Performance for Kusto function depends on query shape, filter pushdown, join size, parameter selectivity, materialized views, cache policy, concurrent dashboard calls. Measure the real workflow instead of assuming the default design is fast enough. Look at latency, throughput, cache behavior, query plan, ingestion backlog, export lag, retry storms, regional distance, throttling, scheduling, and downstream bottlenecks. In many incidents the term is not the only slow component; it is where hidden limits, identity calls, network hops, storage behavior, or query shape become visible. Keep benchmarks tied to production-like data, expected concurrency, and monitoring dashboards so tuning does not weaken security or reliability.

Operations

Operations for Kusto function need runbooks covering function inventory, body review, dependency mapping, dashboard validation, script deployment, rollback notes, owner documentation. Operators should know which commands are safe read-only checks, which changes require approval, and which outputs prove state to auditors or incident commanders. Put ownership, environment naming, tagging, dashboards, alerts, and rollback steps beside the deployment pipeline. Do not let the portal become the only source of truth; capture cluster names, database names, table names, resource IDs, diagnostic settings, query text, and change history. Good operations turn the term into a predictable support motion instead of tribal knowledge.
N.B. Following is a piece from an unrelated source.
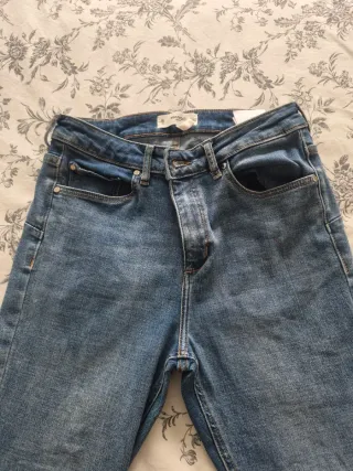 Pantalón vaquero claro de corte recto con final un poco acampanado . - Abertura en la rodilla. - Cierre de cremallera y botón. -Talla 34 -Usado, pero en buen estado
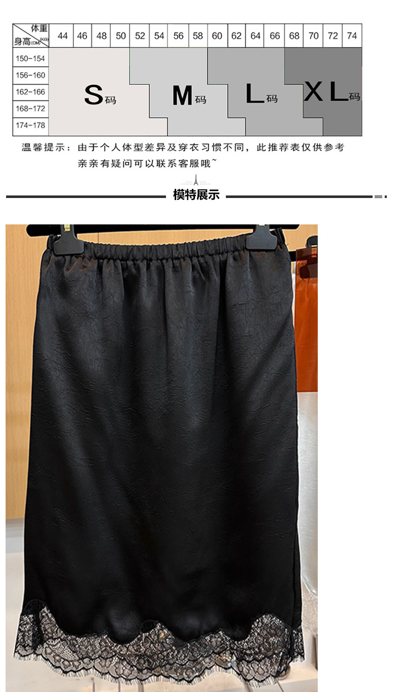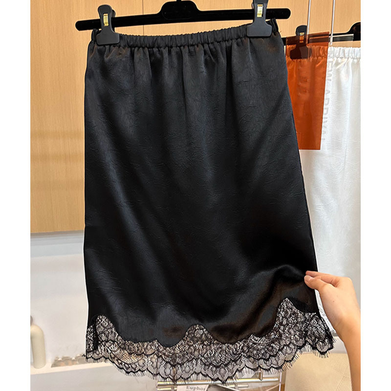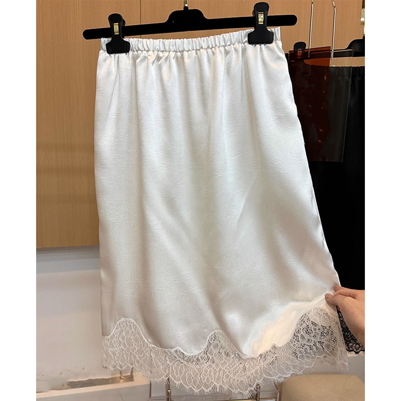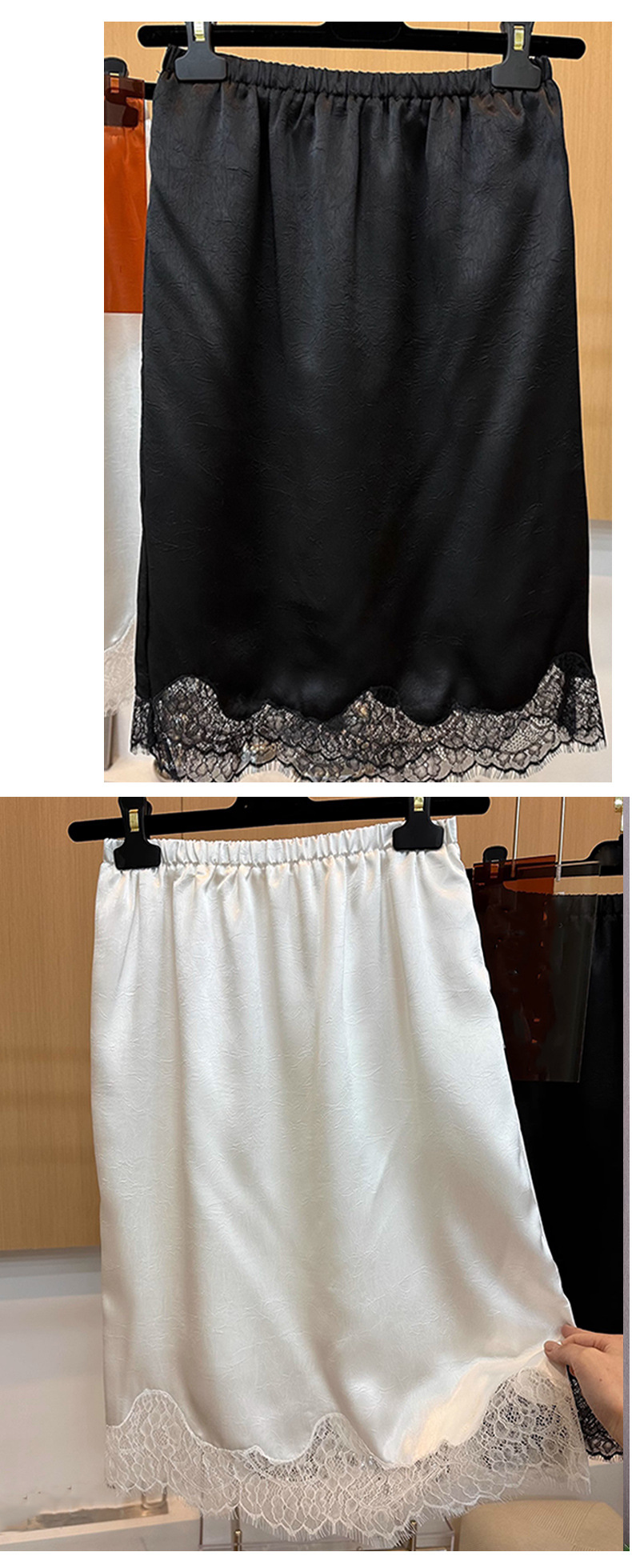 심천 2025 새로운 Nanyou 여성 유럽 스타일 크로 셰 뜨개질 레이스 스플 라이스 하이 웨이스트 새틴 자카드 a 라인 스커트 여성용스토어 가기

Review the runbook after incidents and major releases.

Common mistakes

  • Treating Kusto function as a harmless label instead of checking the exact resource, owner, identity, and dependency path.
  • Running a mutating command in the wrong subscription, cluster, database, web app, or resource group because active context was not verified.
  • Assuming a successful deployment proves the feature works without checking logs, metrics, queries, access, and rollback evidence.
  • Ignoring cost, retention, cache, quota, network exposure, or data classification until an incident forces emergency cleanup.